Les protestations des élus locaux
Décider la coupure du robinet tombait sous le sens. Mais seul un pouvoir neuf, soucieux de rompre avec les pratiques du passé, pouvait avoir l’audace de le faire. Et maintenant ? Le cap est-il fixé suffisamment fermement pour résister aux vents violents agités par ceux qui rêvent encore d’une dernière LGV, d’un dernier contournement autoroutier ? Déjà, les élus bataillent. Dans le Sud-Ouest, les socialistes Alain Rousset et Carole Delga, qui président respectivement les régions Nouvelle Aquitaine et Occitanie, cherchent à convaincre le gouvernement de la nécessité de prolonger la LGV vers Toulouse et Biarritz. Dans les Hauts-de-France, le président de la Région, Xavier Bertrand (LR), et la maire de Lille, Martine Aubry (PS), ainsi qu’une myriade d’élus de la Somme et de l’Oise, tiennent le même discours à propos du canal Seine-Nord. En Loire-Atlantique, les partisans du projet d’aéroport à Notre-Dame-des-Landes espèrent encore faire « respecter le résultat du référendum » de juin 2016, par lequel les électeurs du département avaient voté majoritairement en faveur de l’infrastructure.

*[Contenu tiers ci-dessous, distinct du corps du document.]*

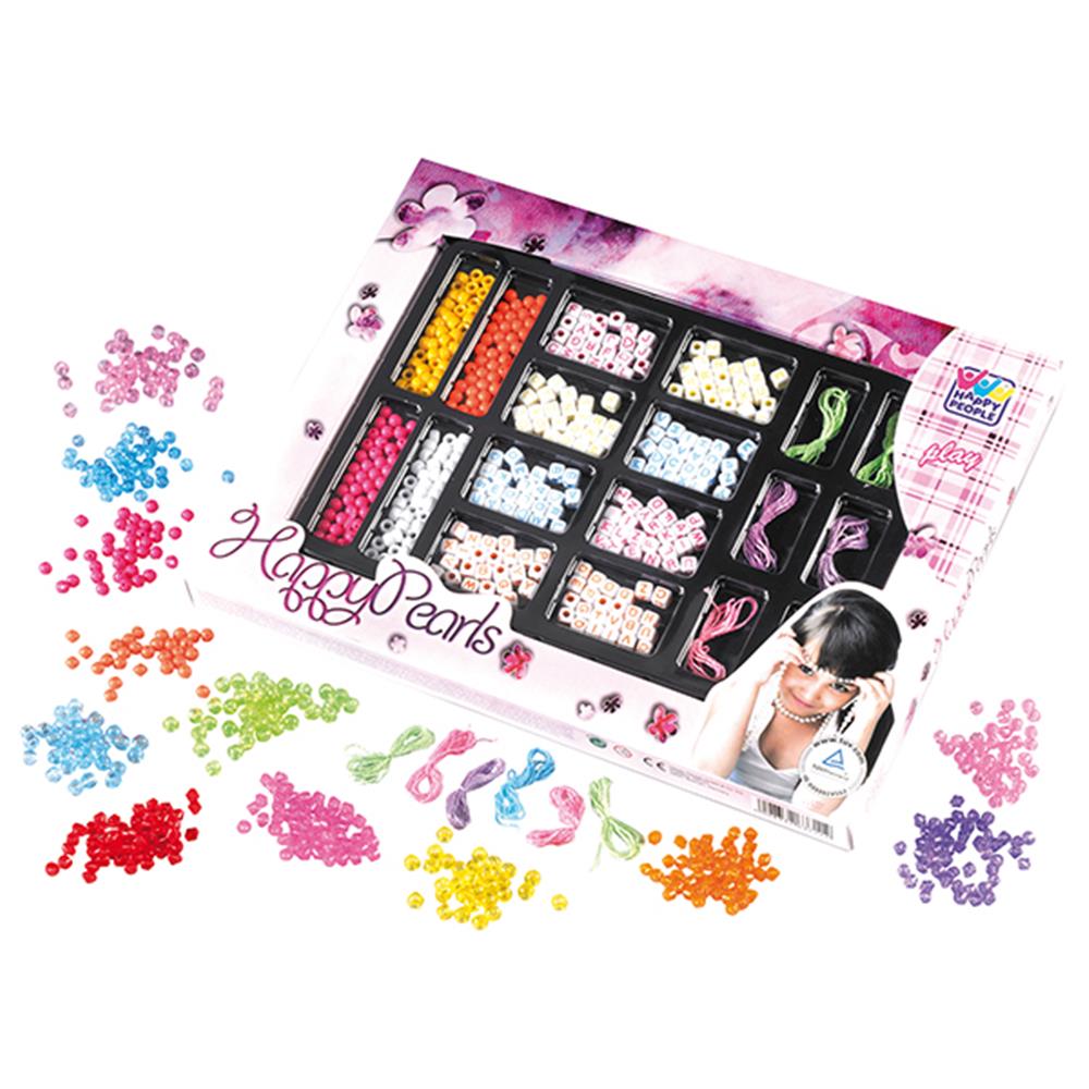 Perlenset mit bunten und transparenten Perlen, mit Bändern, verschiedene Formen, aus Kunststoff, 2-fach sortiert, ab 3 Jahre.
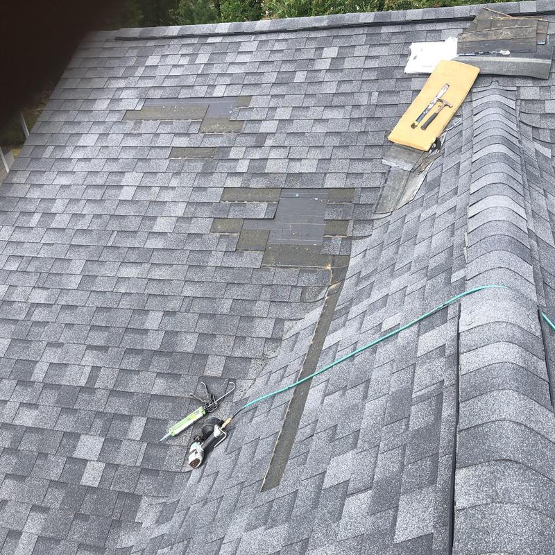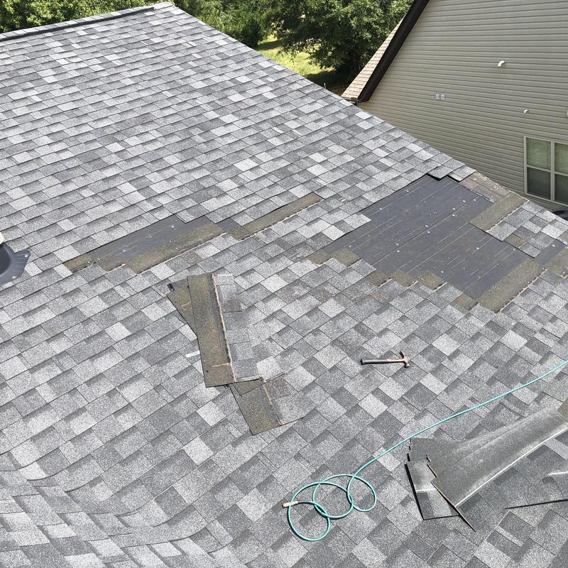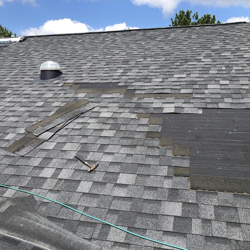 Consumer First Roofing replaced missing shingles on a residential roof in Simpsonville, South Carolina. High winds from a recent hurricane caused the damage. The crew completed the repair the same day to prevent further issues before the next rain.
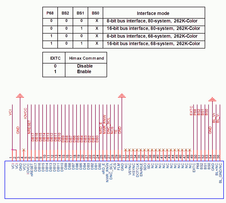 На сколько я понял - дисплей у тебя 16bit, чтобы его передалать на 8 нужно резистор R1 перенести на место резистора R2, чтобы это сделать нужно снимать дисплей, а это не просто. Поэтому подключать дисплей надо как 16bit
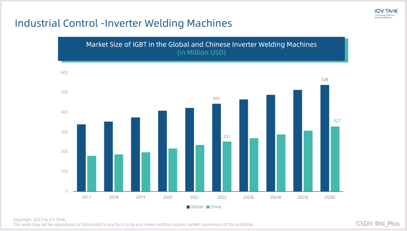 2022年全球及中国逆变焊机领域的IGBT市场规模为4.43亿美元、2.51亿美元,预计到2026年,全球及中国逆变焊机领域的IGBT市场规模为5.38亿美元、3.27亿美元。
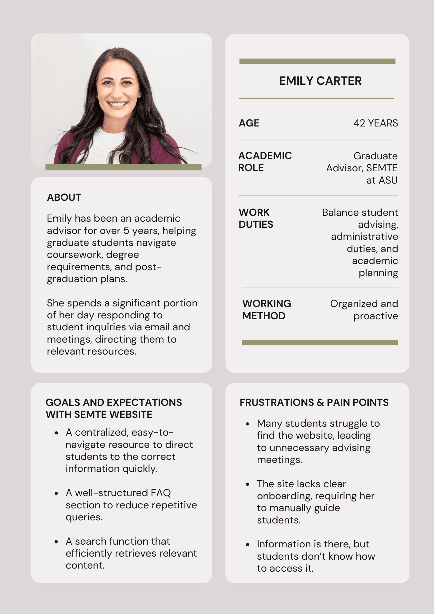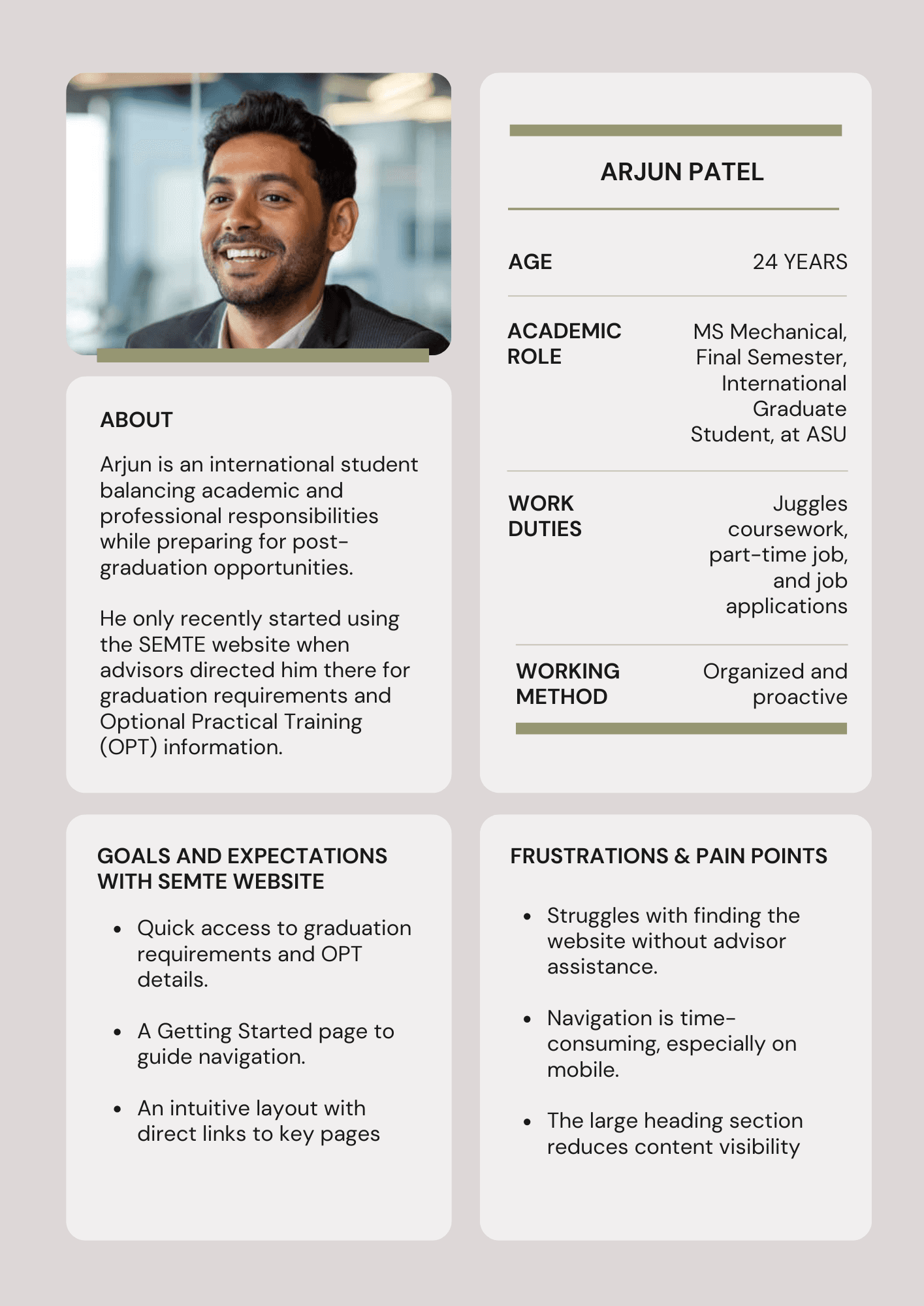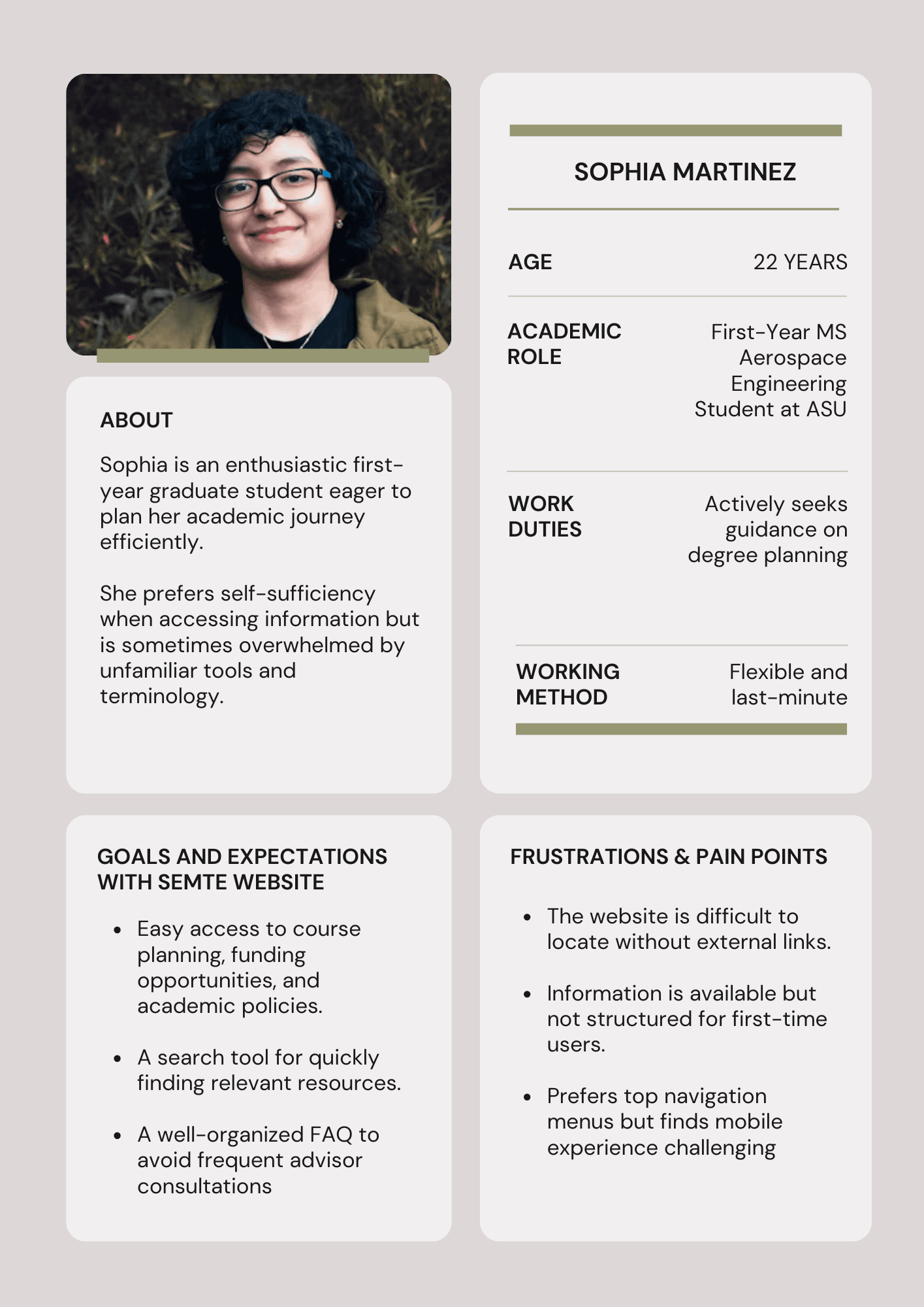 Based on the insights gathered from the survey and user interviews, I developed three key personas representing the primary user groups of the SEMTE Graduate Resources website- current graduate students in first year, Current graduate students who are about to graduate and SEMTE Graduate Advisors.
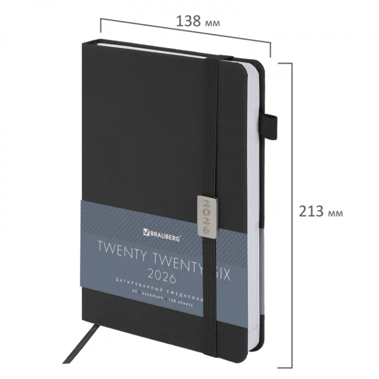 Внутренний блок включает 168 листов белой бумаги плотностью 70 г/м2. Каждая страничка имеет перфорированный угол. Благодаря стандартному формату А5 (138х213 мм) ежедневник удобно использовать как в офисе, так и на выездных деловых встречах.

Ces batailles se joueront localement, sur les terres concernées par ces projets, mais aussi en coulisses, dans les cabinets ministériels ou à l’Assemblée nationale. En attendant, pour bien montrer où allaient désormais ses priorités, Elisabeth Borne a assisté, le soir du 12 juillet, à un chantier ferroviaire nocturne, dans la Nièvre. Il s’agissait de l’entretien d’une ligne de chemin de fer entre Neuvy-sur-Loire et Nevers, où circulent des trains régionaux. Loin des TGV et de la célébration des minutes de trajet gagnées.